Midnight Commander is a user-friendly yet powerful open source text-mode file manager and visual shell, useful to novice and advanced users alike. It can be run on the OS console, or in xterm and other terminal emulators.
It provides a clear, user-friendly, and somewhat protected interface to a Unix system while making many frequent file operations more efficient and preserving the full power of the command prompt.
Midnight Commander allows users to manage files while making most of the screen and providing a clear representation of the filesystem, yet it’s simple enough to be run over a telnet or ssh session.
The screen of the Midnight Commander is divided into four parts. Almost all of the screen space is taken up by two directory panels. By default, the second bottommost line of the screen is the shell command line, and the bottom line shows the function key labels. The topmost line is the menu bar line.
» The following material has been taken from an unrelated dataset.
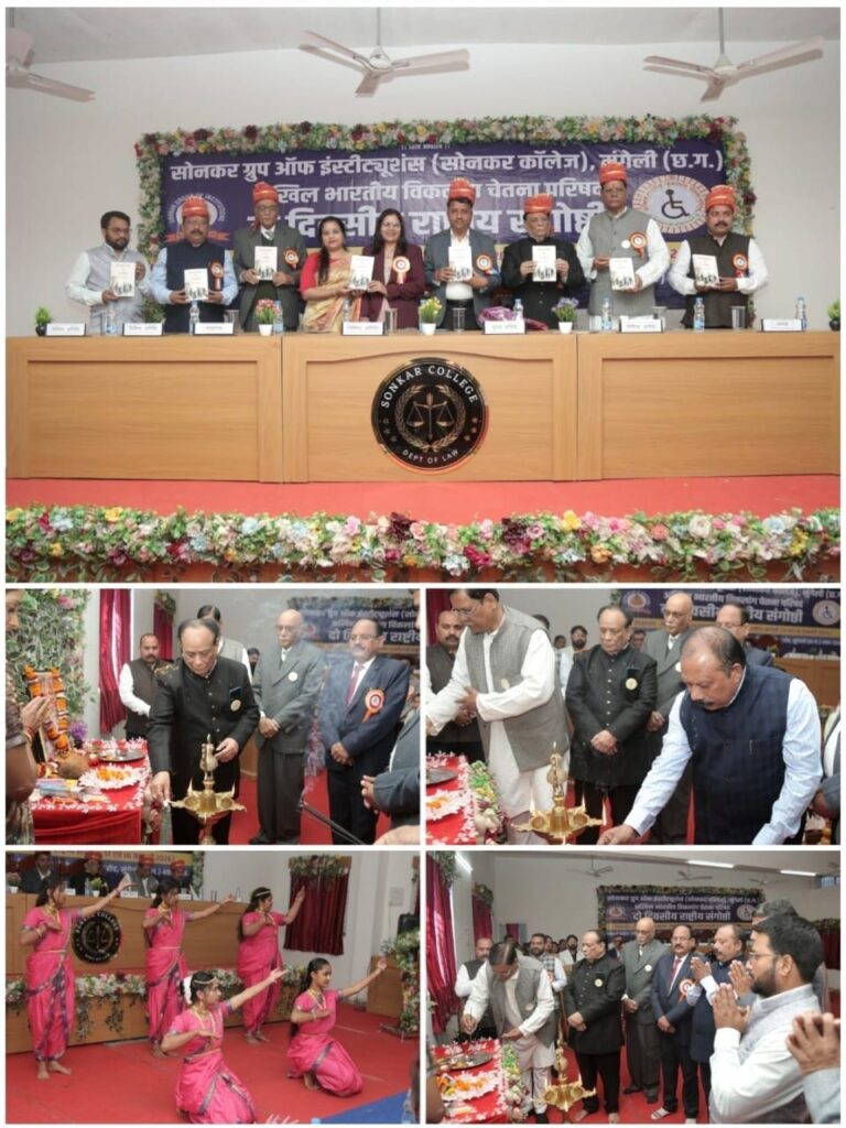 मुंगेली। सोनकर कॉलेज, मुंगेली में आयोजित 19वीं दो दिवसीय राष्ट्रीय संगोष्ठी का भव्य और गरिमामय समापन हो गया। यह आयोजन 17 एवं 18 जनवरी 2026 को “विकलांग विमर्श : एक अध्ययन” विषय पर आयोजित किया गया, जिसमें छत्तीसगढ़ सहित देश के विभिन्न राज्यों से आए शिक्षाविदों, शोधार्थियों, प्राचार्यों, प्राध्यापकों एवं समाजसेवियों ने भाग लिया। यह कार्यक्रम मुंगेली क्षेत्र का अब तक का सबसे बड़ा और गौरवशाली राष्ट्रीय शैक्षणिक आयोजन माना जा रहा है।कॉलेज के डायरेक्टर शिव आशीष सोनकर ने बताया कि संगोष्ठी का शुभारंभ 17 जनवरी को डॉ. व्ही. के. सरस्वत, कुलपति पंडित सुंदरलाल शर्मा मुक्त विश्वविद्यालय, बिलासपुर के मुख्य आतिथ्य में तथा डॉ. विनय कुमार पाठक, राष्ट्रीय कार्यकारी अध्यक्ष अखिल भारतीय विकलांग चेतना परिषद एवं कुलपति थावे विद्यापीठ, गोपालगंज (बिहार) की अध्यक्षता में हुआ। कार्यक्रम में न्यायमूर्ति चंद्र भूषण वाजपेई (पूर्व न्यायाधीश, छत्तीसगढ़ उच्च न्यायालय), मदन मोहन अग्रवाल (राष्ट्रीय महामंत्री, अखिल भारतीय विकलांग चेतना परिषद), संतुलाल सोनकर (संस्थापक, सोनकर कॉलेज) एवं शिव आशीष सोनकर विशेष अतिथि के रूप में मंचासीन रहे।

The Midnight Commander provides a view of two directories at the same time. One of the panels is the current panel (a selection bar is in the current panel). Almost all operations take place on the current panel.
This package includes an editor called mcedit. mcedit’s features include syntax highlighting for certain languages, and works in both ASCII and hex modes.
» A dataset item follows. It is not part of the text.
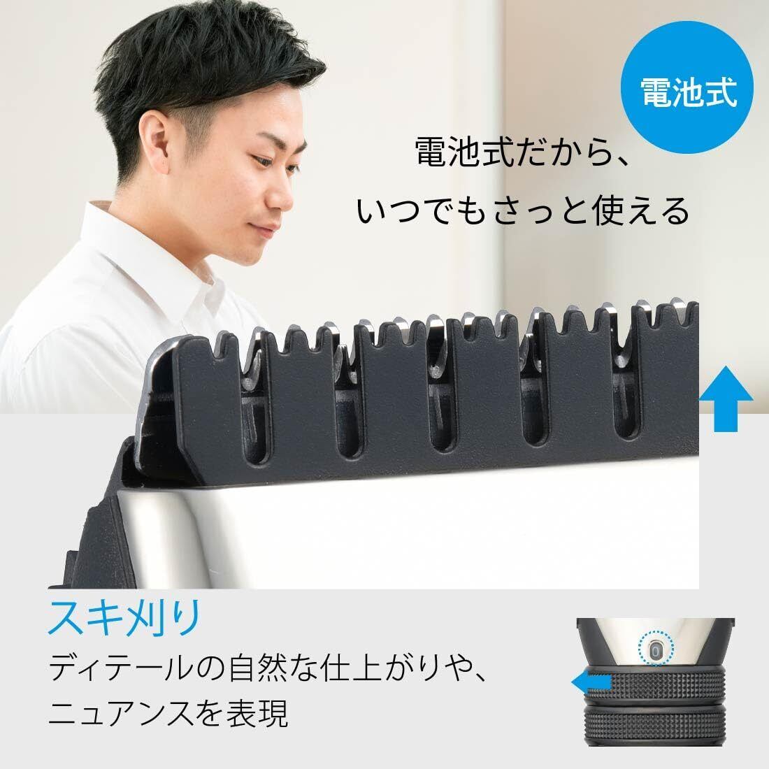 【 特 長 】 ◆電池式だから、いつでもさっと使えます ◆剃り刃は切れ味長持ちの鋭角ブレード使用 ◆5段階の刈り高調整ダイヤル付き ◆短髪用、長髪用の2種類のコーム付き ◆コームの使い分けで10段階の刈り高調整が可能 ◆スキ刈りも可能、自然な仕上がりに ◆剃り刃は取り外して水洗いOK ※本体は水洗い不可 ◆本体カラーはブラック

The file manager has been in continuous development since 1994.
Features include:
- Built in Virtual File System: manipulate remote file systems through the FTP and SMB protocols or over secure shell, browse contents of tar, ar, rpm, zip, cpio, lha and rar archives just like local files.
- Almost all operations work with the virtual file system, enabling users to do complex tasks, like viewing files in archives on an FTP server.
- Mouse support on most terminal emulators for X Window System as well as on the Linux console.
- Learn Keys: Midnight Commander may be configured at run time to support any kind of input keys for a given terminal, making its operation possible even on most weird terminals.
- Text and hex editors (hex editor is a part of the viewer).
- The built-in file viewer, together with the context dependent actions is used to format man pages on the fly, coloring mail messages and more.
- Built-in editor supports syntax highlighting and external actions, such as spell checking and formatting.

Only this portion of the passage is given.